Les cireurs de pompe du pouvoir

On ne tombera pas dans la banalité en lançant des attaques ad hominem. Même contre Patrick Cohen, défenseur assumé et revendiqué de sa communauté, de sa caste et du mondialisme triomphant. Tout pour plaire, donc.

 

Patrick Cohen, comme tant d’autres, présente certaines caractéristiques dans son profil. On soulignera une communauté très influente, une caste omni puissante et quant au mondialisme si ça perd du terrain c’est encore bien ancré.

Soutenu par sa consoeur complice la môme Lemoine, au sourire carnassier et au tempérament acariâtre qui vire du plateau les méchants invités qui égratignent son idole Cohen, celui-ci a tout loisir de déverser sa bile nourrie à la doxa dominante.

 

Patrick Cohen mène les interrogatoires à la façon de l’accusateur public, épaulé par ses deux assesseurs, Pierre Lescure et Antoine Genton, sous l’oeil de la procureure générale Anne-Elisabeth Lemoine.

Dans son émission, l’animatrice renvoie l’ascenseur à ceux qui ont favorisé sa propre ascension, mais ont subi des revers de fortune, du fait de leur engagement partisan dans les media.

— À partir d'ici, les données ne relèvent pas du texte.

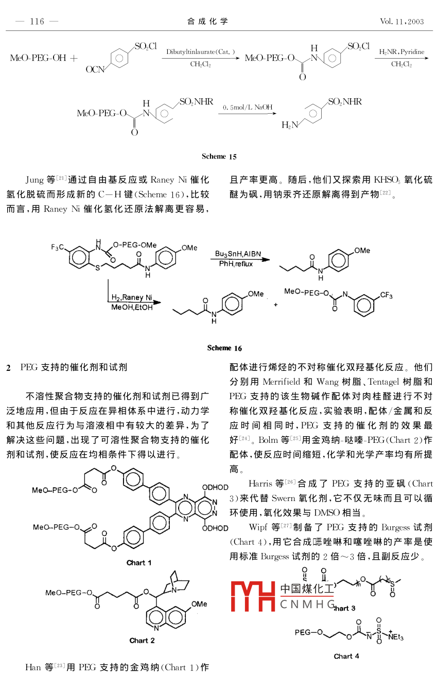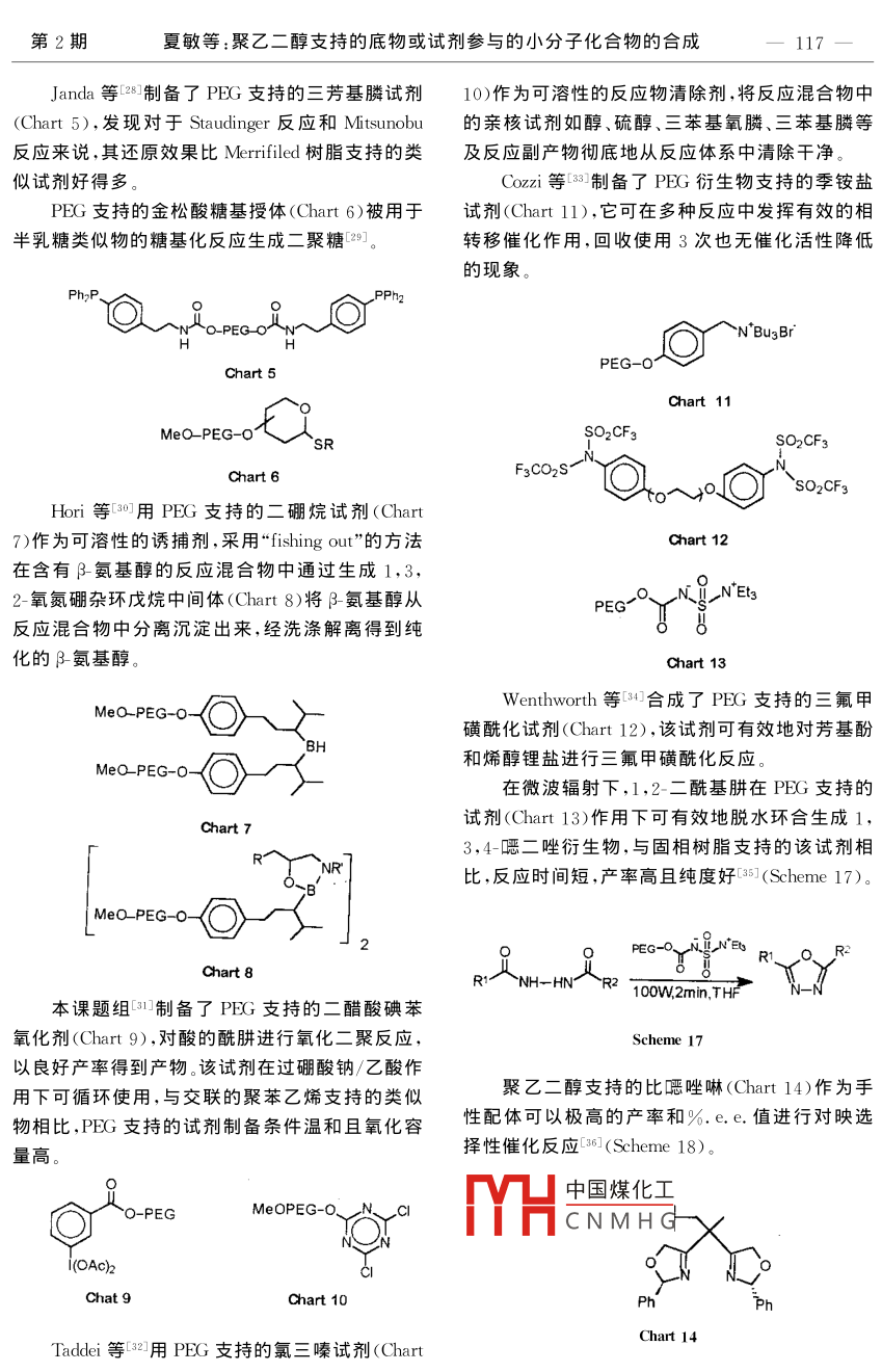 合成化學(xué)Chinese Journal of Synthetic Chemnistry111聚乙二醇支持的底物或試劑參與的小分子化合物的合成夏敏',王彥廣2(1.浙江工程學(xué)院應(yīng)用化學(xué)系,浙江杭州310033;2. 浙江大學(xué)化學(xué)系,浙江杭州310027)摘要:對(duì)近年來聚乙二醇為可溶性聚合物支持體支持的底物或試劑參與的小分子化合物的液相有機(jī)合成反應(yīng)進(jìn)行了總結(jié)。參考文獻(xiàn)36篇。關(guān)鍵詞:聚乙二醇;聚合物支持的底物或試劑;小分子化合物;液相有機(jī)合成中圖分類號(hào): O621.3文獻(xiàn)標(biāo)識(shí)碼: A文章編號(hào): 1005- 1511(2003)02-111-08Synthesis of Organic Small Compoundson Polyethylene Glycol Supported Substrates and ReagentsXIA Min',WANG Yan- guang2(1. Department of Applied Chemistry, Zhejiang Institute of Science and Technology, Hangzhou 310033,China ;2. Department of Chemistry , Zhejiang University,Hangzhou 310027, China)Abstract: Polyethylene glycol supported substrates and reagents in liquid- phase synthesis of organicsmall compounds are reviewed with 36 references.Keywords: polyethylene glycol; liquid- phase ; organic small compounds; review近年來,組合化學(xué)日益受到人們的關(guān)注,并成1.1 碳-碳鍵的形成為化學(xué)領(lǐng)域內(nèi)的研究熱點(diǎn)之一。直至目前為止,用探索和建立有效的形成碳-碳鍵的方法是任不溶性高分子聚合物為支持體的固相合成方法仍何 聚合物支持的反應(yīng)的一個(gè)重要目標(biāo),液相合成然是實(shí)現(xiàn)組合化學(xué)的主要手段。然而,固相合成有也不例外。在此方面,用碳原子為中心的親電試劑許多缺點(diǎn)阻礙了其進(jìn)-步的發(fā)展。液相合成法的對(duì)穩(wěn)定化的碳負(fù)離子進(jìn)攻是最常用的手段之一。出現(xiàn)則在很大程度上克服了其困難和缺點(diǎn),它既Lamaty等[3]報(bào)道,在K.CO3的作用下, PEG 3400兼容了固相合成與溶液相合成的優(yōu)點(diǎn),又摒棄了支持的二苯甲酮甘氨酸的Schiff堿可被一系列的他們的缺點(diǎn),是實(shí)現(xiàn)組合化學(xué)的另-條重要途徑。親電試劑進(jìn)攻,生成a-烷基取代產(chǎn)物(Scheme 1)。目前,中低分子量的聚乙二醇(PEG)是液相在此反應(yīng)中首次報(bào)道了PEG既可充當(dāng)可溶性支有機(jī)合成中使用最多的可溶性聚合物支持體。盡持體,又可充當(dāng)相轉(zhuǎn)移催化劑(PTC),使PEG支持管第一個(gè)液相合成反應(yīng)出現(xiàn)于60年代中,但近年的反應(yīng)在無任何外加PTC存在的條件下順利進(jìn)來液相合成方法有了長足進(jìn)展和巨大進(jìn)步,已成行。為實(shí)現(xiàn)許多有機(jī)分子合成的重要和有效的手段,PhR'X.K2CO%_ PhR'其中PEG支持的底物或試劑參與的小分子化合Ph/COR MeCN,PIC PhYCO2R物的合成已日益成為人們關(guān)注的領(lǐng)域[2]。本文就此方面的一些進(jìn)展進(jìn)行總結(jié)。中國煤化工、n Bu,N+Br- or MeO PEGMHCNMHG1PEG支持的底物參與的反應(yīng)Scheme 1收稿日期: 2002-08-20作者簡介:夏敏(1972-),女 .漢族.浙江余姚人,副教授,博士。主要從事有機(jī)合成與藥物合成的研究。Tel:(0571)- 8802212112合成化學(xué)Vol.11 ,2003在此基礎(chǔ)上,Lamaty等[4]又報(bào)道了PEG支持.作用,CsCO、的反應(yīng)效果比K,CO3要好。的二苯甲酮甘氨酸的Schiff堿的a-烷基化反應(yīng)可二芳基結(jié)構(gòu)是許多具有生物活性化合物中重在微波促進(jìn)的干反應(yīng)條件下進(jìn)行。在此反應(yīng)中,要的結(jié)構(gòu)單元,生成二芳基化合物在有機(jī)合成中PEG支持體不僅充當(dāng)PIC的作用,同時(shí)還成為反占有重要地位。Blettner等以首次報(bào)道了PEG支持應(yīng)的有機(jī)相,使該反應(yīng)的速率大為提高。由于體上進(jìn)行Suzuki偶聯(lián)生成多種二芳基化合物的PEG對(duì)銫離子的螯合作用強(qiáng)于對(duì)鉀離子的螯合反應(yīng)(Scheme 2)。OR,B(OH)2、FO-PEGPd( PPh).DMF0O-PEG :110C ,K2O%EaN-MeOH_OMe85C ,2dScheme 2由于PEG具有水溶性的特點(diǎn),Blettner等0隨Reggelin等[7]用MeOPEG5000支持的醛進(jìn)后報(bào)道了在水中進(jìn)行的PEG支持的Suzuki偶聯(lián)行了不對(duì)稱Aldol 反應(yīng)(Scheme 3)。通過H NMR反應(yīng)。實(shí)驗(yàn)表明,相比于上述有機(jī)溶劑中的反應(yīng),分析,產(chǎn)物的光學(xué)純度≥97%,通過H2/Pd均相催水中進(jìn)行的反應(yīng)由于PEG發(fā)揮了PIC的作用,反化反應(yīng)可將產(chǎn)物順利地解離下來。應(yīng)條件溫和,產(chǎn)率良好。BuB、OHCHOCH292o H2.Pd BlackP-0/P-OYHO'P= MeO-PEG-0-Scheme 3Cheng等[8]通過4步反應(yīng)以極高的純度(>90%)合成了亞胺二乙酸衍生物(Scheme 4)。,0 _PEGOH-CO2HBoc-N. DCC Boc-NMeOPEGOH,Boc _NRNH2PyridinePyBOP,DIEA, 0 -PEGOH0 _PEGOHBoc-中國煤化工:R1)TFAb=<2) R2CO2HYHCNMHGO:PyBOP ,DIEAN-R1Schene 4陳祖興等[0]在液相條件下合成了N-對(duì)羥基苯甲?;螂?Scheme5)第2期夏敏等:聚乙二醇支持的底物或試劑參與的小分子化合物的合成113C- CO,H(00C)2_ PEG-OClHOCCO:HPEG- OSO2ClPEG OH-PyridineDMF(Cat. )0-<0>-COCl\N=C=SPEG-ONH.SCN PEG-ORIR2NHOSNR'R21)6%NH●H2O_NR! R2H2)HtOHOScheme 51.2 雜環(huán)化合物的合成Moore等[I°]首次報(bào)道了液相條件下的1,3-偶由于雜環(huán)化合物富含于天然產(chǎn)物和藥物分子極環(huán)加成反應(yīng)。PEG支持的炔與糖類衍生的伯疊中,因此是-類重要的化合物,目前液相合成方法.氮化合物可順利地進(jìn)行環(huán)加成反應(yīng),以良好產(chǎn)率已日益成為合成雜環(huán)化合物的有效手段。得到

Ainsi héberge-t-elle Patrick Cohen, qui fut l’un de ses collègues sur France Inter, dont il sera chassé à deux reprises – dont mai …2017: il ira sur Europe 1, propriété de Lagardère (comme Elle, Paris Match, Télé 7 jours, Le Journal du dimanche, etc), un patron dont Ismaël Emelien fut un communicant avant de rejoindre Macron – ; Antoine Genton, journaliste qui mena la grève de la chaîne i-Télé, à l’automne 2016, avant de devenir CNews, détenue par Vincent Bolloré, qui annonça avoir voté Hidalgo en 2013) ; et Pierre Lescure, chroniqueur qui fut le patron de Lemoine, quand il dirigeait Canal+ (1983-2002) qu’il cofonda avec André Rousselet, un intime de François Mitterrand, aujourd’hui aux mains de Bolloré).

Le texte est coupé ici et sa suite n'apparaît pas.